• **What is expected**
The entries that follow include a run beginning at the line with "飲食店は不特定多数の方々が利" and ending at the line with "环境工程专业的历史、发展等方"; restate that run word for word and leave the rest out.
* * * *
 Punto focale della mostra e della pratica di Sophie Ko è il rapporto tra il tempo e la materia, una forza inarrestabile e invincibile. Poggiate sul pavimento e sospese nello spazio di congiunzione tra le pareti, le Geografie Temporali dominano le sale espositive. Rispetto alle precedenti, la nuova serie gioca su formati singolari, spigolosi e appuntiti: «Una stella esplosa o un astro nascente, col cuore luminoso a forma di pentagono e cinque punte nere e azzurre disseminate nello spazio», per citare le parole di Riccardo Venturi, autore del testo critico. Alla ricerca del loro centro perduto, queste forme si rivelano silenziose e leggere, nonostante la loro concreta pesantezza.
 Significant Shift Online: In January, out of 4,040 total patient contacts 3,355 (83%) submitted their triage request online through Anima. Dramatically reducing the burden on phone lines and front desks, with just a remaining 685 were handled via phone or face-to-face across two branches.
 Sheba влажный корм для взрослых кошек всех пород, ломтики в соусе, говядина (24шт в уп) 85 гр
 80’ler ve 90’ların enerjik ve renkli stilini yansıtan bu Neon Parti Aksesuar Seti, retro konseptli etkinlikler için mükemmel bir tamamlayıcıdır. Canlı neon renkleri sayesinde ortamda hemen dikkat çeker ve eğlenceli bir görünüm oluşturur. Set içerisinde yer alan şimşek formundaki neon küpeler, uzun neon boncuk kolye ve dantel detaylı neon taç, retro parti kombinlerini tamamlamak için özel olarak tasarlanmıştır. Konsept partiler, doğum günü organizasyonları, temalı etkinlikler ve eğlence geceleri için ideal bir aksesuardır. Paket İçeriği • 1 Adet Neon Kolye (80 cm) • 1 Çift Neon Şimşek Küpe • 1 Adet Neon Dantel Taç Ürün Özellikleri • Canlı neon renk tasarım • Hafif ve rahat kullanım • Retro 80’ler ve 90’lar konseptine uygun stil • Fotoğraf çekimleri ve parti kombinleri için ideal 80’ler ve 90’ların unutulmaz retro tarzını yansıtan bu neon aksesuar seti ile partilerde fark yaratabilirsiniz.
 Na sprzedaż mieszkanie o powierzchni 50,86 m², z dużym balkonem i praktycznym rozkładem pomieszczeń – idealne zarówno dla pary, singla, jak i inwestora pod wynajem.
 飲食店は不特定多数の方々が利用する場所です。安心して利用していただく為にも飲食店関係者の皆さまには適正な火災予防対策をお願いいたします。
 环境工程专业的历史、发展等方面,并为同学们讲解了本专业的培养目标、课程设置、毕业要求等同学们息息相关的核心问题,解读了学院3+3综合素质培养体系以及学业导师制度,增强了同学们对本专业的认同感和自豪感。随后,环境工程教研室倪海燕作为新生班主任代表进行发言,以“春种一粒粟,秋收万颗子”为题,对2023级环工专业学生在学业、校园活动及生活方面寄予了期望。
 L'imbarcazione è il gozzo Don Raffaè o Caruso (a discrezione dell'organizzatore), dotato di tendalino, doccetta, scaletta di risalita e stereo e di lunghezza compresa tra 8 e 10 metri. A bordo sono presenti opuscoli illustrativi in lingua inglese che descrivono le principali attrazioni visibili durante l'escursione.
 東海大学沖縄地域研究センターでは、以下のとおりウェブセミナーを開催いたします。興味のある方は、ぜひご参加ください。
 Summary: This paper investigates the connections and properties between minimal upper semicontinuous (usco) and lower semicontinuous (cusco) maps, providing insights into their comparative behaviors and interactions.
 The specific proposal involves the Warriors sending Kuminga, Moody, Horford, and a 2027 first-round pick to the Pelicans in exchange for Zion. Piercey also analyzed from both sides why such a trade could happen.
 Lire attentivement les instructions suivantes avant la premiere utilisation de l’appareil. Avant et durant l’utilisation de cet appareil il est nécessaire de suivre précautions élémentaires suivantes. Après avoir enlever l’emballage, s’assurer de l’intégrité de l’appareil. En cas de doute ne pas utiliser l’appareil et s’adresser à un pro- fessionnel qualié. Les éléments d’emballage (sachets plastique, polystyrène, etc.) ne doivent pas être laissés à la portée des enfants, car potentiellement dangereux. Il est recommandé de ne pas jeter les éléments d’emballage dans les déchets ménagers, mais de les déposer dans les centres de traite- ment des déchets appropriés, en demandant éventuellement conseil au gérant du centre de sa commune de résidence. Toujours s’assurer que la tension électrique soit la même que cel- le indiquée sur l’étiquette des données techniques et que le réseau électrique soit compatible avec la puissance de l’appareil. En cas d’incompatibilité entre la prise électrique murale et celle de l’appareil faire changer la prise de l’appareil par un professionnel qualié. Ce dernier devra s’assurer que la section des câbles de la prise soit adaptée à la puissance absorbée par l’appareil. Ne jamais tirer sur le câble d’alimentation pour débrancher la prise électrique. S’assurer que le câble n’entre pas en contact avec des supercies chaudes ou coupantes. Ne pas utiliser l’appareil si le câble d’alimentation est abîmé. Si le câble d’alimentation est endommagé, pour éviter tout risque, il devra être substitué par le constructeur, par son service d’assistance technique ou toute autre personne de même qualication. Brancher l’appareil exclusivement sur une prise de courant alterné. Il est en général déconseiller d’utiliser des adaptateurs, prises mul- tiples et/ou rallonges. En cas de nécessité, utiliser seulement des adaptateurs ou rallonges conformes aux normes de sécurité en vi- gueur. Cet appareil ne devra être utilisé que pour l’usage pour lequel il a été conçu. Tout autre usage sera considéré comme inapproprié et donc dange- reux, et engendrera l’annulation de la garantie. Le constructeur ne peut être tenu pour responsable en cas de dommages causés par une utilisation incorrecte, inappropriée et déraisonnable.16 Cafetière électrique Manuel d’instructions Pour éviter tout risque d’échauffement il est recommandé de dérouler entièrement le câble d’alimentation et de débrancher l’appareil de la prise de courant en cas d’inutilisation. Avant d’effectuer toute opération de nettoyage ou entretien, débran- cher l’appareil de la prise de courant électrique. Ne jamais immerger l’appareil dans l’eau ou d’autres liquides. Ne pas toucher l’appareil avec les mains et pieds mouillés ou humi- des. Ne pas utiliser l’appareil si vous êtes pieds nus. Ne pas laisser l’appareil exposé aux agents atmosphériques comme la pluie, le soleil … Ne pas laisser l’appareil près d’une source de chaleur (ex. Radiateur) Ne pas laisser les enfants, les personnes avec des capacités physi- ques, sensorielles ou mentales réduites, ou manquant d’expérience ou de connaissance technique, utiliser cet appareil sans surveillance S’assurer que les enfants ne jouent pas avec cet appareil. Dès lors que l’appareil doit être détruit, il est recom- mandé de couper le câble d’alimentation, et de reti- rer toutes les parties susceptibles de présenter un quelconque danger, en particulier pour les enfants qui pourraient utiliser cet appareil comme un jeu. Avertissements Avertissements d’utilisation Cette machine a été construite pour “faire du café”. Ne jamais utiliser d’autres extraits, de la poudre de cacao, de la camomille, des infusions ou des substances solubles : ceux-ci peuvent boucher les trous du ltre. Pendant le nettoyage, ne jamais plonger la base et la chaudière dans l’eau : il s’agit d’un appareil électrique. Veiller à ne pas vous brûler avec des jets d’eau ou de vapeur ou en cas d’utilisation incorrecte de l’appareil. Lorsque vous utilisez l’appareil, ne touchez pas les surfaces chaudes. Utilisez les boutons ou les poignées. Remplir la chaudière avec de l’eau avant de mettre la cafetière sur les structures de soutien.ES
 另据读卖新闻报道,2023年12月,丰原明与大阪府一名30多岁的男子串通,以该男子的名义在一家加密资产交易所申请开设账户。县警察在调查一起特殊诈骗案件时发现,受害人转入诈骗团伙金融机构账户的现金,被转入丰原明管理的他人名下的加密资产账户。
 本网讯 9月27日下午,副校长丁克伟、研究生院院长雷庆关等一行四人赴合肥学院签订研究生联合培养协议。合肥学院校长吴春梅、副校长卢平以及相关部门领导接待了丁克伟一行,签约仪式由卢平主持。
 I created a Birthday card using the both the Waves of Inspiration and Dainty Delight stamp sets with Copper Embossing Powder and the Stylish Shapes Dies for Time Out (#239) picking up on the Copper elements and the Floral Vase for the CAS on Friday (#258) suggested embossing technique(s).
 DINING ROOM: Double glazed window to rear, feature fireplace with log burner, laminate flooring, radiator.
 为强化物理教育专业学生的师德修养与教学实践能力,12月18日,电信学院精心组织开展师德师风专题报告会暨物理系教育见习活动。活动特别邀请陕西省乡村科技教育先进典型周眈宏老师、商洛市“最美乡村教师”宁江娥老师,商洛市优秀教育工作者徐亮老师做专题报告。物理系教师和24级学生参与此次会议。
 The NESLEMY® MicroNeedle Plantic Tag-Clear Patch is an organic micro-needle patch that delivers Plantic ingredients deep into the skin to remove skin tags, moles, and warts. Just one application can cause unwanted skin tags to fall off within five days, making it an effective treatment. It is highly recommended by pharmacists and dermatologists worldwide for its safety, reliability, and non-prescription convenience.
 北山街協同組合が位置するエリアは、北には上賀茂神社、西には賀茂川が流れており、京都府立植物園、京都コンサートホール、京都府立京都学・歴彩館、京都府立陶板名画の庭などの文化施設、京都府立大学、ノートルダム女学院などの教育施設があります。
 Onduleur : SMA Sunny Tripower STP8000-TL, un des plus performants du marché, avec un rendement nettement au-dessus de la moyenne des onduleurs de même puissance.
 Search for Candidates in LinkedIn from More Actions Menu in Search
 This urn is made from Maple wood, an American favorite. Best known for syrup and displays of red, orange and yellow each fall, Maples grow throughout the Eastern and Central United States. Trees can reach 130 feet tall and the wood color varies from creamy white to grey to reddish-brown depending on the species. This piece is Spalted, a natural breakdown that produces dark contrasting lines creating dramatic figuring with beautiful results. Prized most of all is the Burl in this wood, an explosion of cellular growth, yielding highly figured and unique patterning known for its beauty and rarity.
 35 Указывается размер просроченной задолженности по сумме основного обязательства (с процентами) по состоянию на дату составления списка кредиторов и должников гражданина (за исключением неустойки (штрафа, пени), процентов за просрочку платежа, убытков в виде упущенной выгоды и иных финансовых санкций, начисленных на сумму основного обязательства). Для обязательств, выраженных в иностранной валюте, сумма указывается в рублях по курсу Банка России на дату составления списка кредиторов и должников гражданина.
* * * *
• **Written reply**
 飲食店は不特定多数の方々が利用する場所です。安心して利用していただく為にも飲食店関係者の皆さまには適正な火災予防対策をお願いいたします。
 环境工程专业的历史、发展等方面,并为同学们讲解了本专业的培养目标、课程设置、毕业要求等同学们息息相关的核心问题,解读了学院3+3综合素质培养体系以及学业导师制度,增强了同学们对本专业的认同感和自豪感。随后,环境工程教研室倪海燕作为新生班主任代表进行发言,以“春种一粒粟,秋收万颗子”为题,对2023级环工专业学生在学业、校园活动及生活方面寄予了期望。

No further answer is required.